Mikhail Rozhansky
BORDER: A LINE AND A SPACE
"Two or three gun-shots away"
More than half of the people, I questioned about their experiences with the border, have some record in either breaking border regimen or illegally crossing the border. For some it was the Mongolian border, for others – internal European borders. One of my interlocutors was even trained for that in the army: "They taught us how to run away from dogs, how to cross the borderline. There are different techniques starting from how not to leave footprints to how to fly over the border, if there is a balloon available. If you are crossing the border on a balloon, you just need to catch the wind, nothing else. Or you can go on a helicopter, it will cross the border and drop you off – no parachute, no nothing" (V., male, born 1966). He never got to apply his skills where he was supposed to, on the Polish border. The Mongolian border, which he frequently crosses, does not require such skills. "People are not trained. New soldiers do not receive any instruction. I saw them. I talked to them. Someone new arrives, gets a submachine-gun, that's it. He might more or less be able to find his way on a plain, he can see footprints, but in the mountains there is no way he can find them. Dogs are not trained either... In the mountains there are totally different tracks. I can get into a river, I can walk in the river. That's it. There are only rivers there/.../ Once they chased us on a river – we just went up into the mountains. And for mountain-climbers, they can climb a flat wall and hide themselves in a cave and that's it".

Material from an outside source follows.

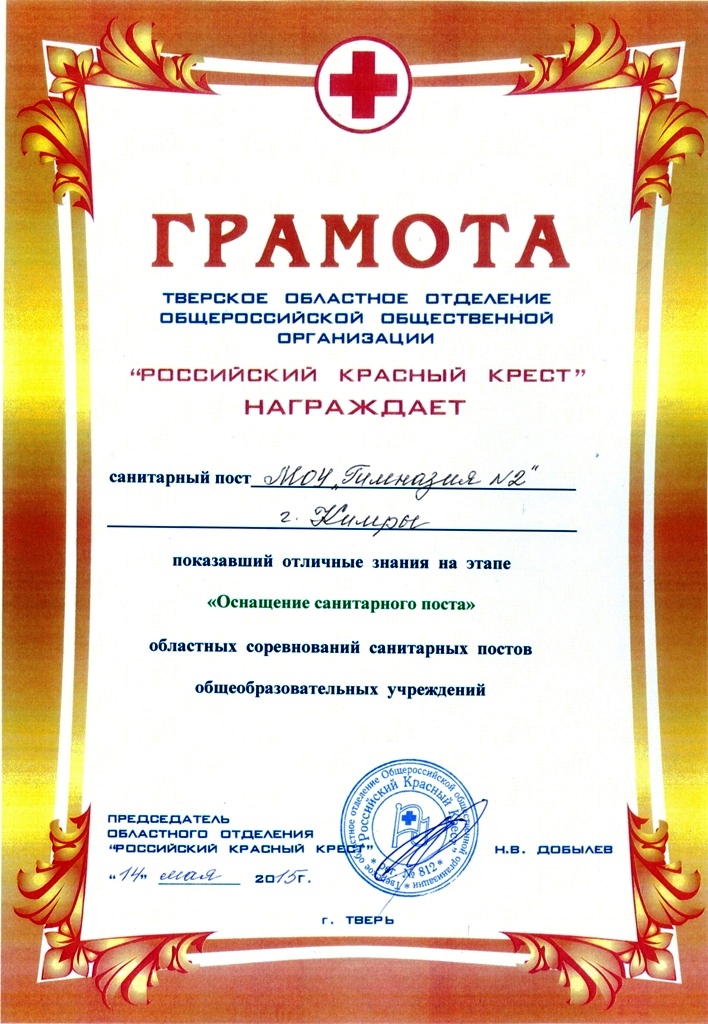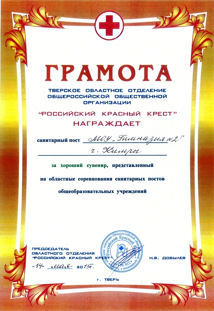 14 мая 2015 года в г. Тверь проходили областные соревнования санитарных постов. Программа соревнований включала следующие этапы: «Гигиена личная и общественная», «Первая помощь при ДТП», «Лекарственные растения», «Оказание первой помощи» (практика), «Оснащение санитарного поста», «История Красного Креста», «Уход за больными на дому». Кроме того, представлялись на конкурс санитарные бюллетени на темы «Гигиена школьника» и «Профилактика вредных привычек», сувениры по тематике Красного Креста и художественные номера, посвященные 70-летию Победы.

For mountain-climbers border and its regimen are only annoying impediments, they just have to accept their presence in a space where they are trying to reach their goal, in their living space. Border has the same alien meaning in a living space of the natives. They move "back and forth" minding their own family and daily business, living in a world of clearly defined goals. Such world does not explain the meaning of the border, it is a line, drawn from another world. For V. its meaning is clear, it fits well into his set of personal values and can either win or not /"I saw in Lithuania..."/ the respect of others, in case of the Mongolian border. This disrespect for the border is a good enough cause to cross it. Some forbidden line, which is important as a part of one's existence, is crossed. When getting a chance to cross the border, one gets an opportunity for self-assurance. Increase of self-esteem is not caused by frontier guards, but is achieved due to weakness, unimportance of the borderline. One can describe V's relationship with the frontier by one phrase, said by 16-year-old S., which describes his illegal crossing, done pretty much in the same geographical area: "What kind of pleasure is it to legally cross the border?! You come closer, you move a foot, and it's passed, gone. You know, it's such a great feeling of happiness and satisfaction".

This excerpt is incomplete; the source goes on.